Figure 2.

Significant arterial tortuosity and venous dilation are present in retinas of mice exposed to OIR. The retinas of mice exposed to the OIR model and untreated controls were flat mounted and stained with FITC-isolectin B4, a marker for endothelial cells. In OIR-treated mice at P12 (immediately after hyperoxia treatment), the major vessels traversing the central avascular area were straight and without evidence for dilation ([A] left). At P17, the size of the central avascular area was decreased, and vessel sprouts were visible along the dilated central veins. The presence of tufts and vascular tortuosity, as well as the dilation of veins, was clearly evident when compared to what was seen in untreated P17 control mice ([A], middle and right). The quantification of vascular tortuosity (see Materials and Methods for details) showed a significant increase at P17 in mice exposed to OIR compared to untreated controls (B).

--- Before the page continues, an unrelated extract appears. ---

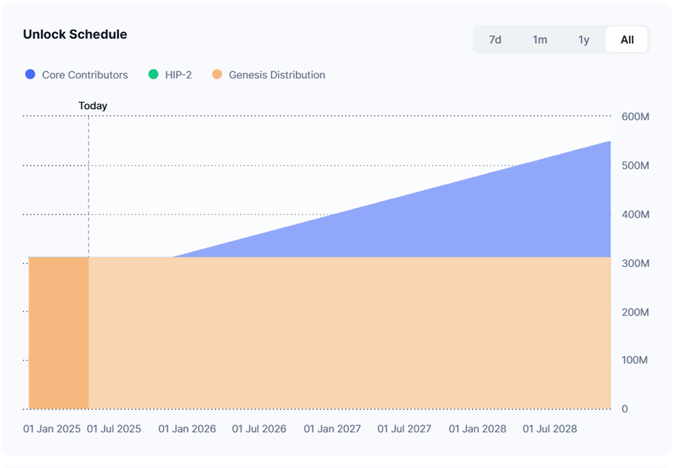 HYPE – нативный токен, и его можно стейкать. Доходность там плавающая, но весьма скромная, на текущий момент находится в диапазоне 2-2,5% годовых. Чем больше общее количество монет в стейке, тем меньше доходность. То есть, после разблокировок новых монет, велик риск получить доходность еще меньше.

Measurements of vessel diameter demonstrated that arteries were not dilated in OIR-treated or control mice, whereas veins showed a significant increase in dilation at P17 (C). Ct, controls. The quantification of vaso-obliteration and neovascularization showed a significant increase in the size of the central avascular area (D), as well as in the numbers of endothelial cells that crossed the internal limiting membrane (E), following OIR treatment compared to no treatment. Data represent means ± SEM; *P ≤ 0.05. Images are representative of n = 7 for untreated controls, n = 22 for OIR-treated samples.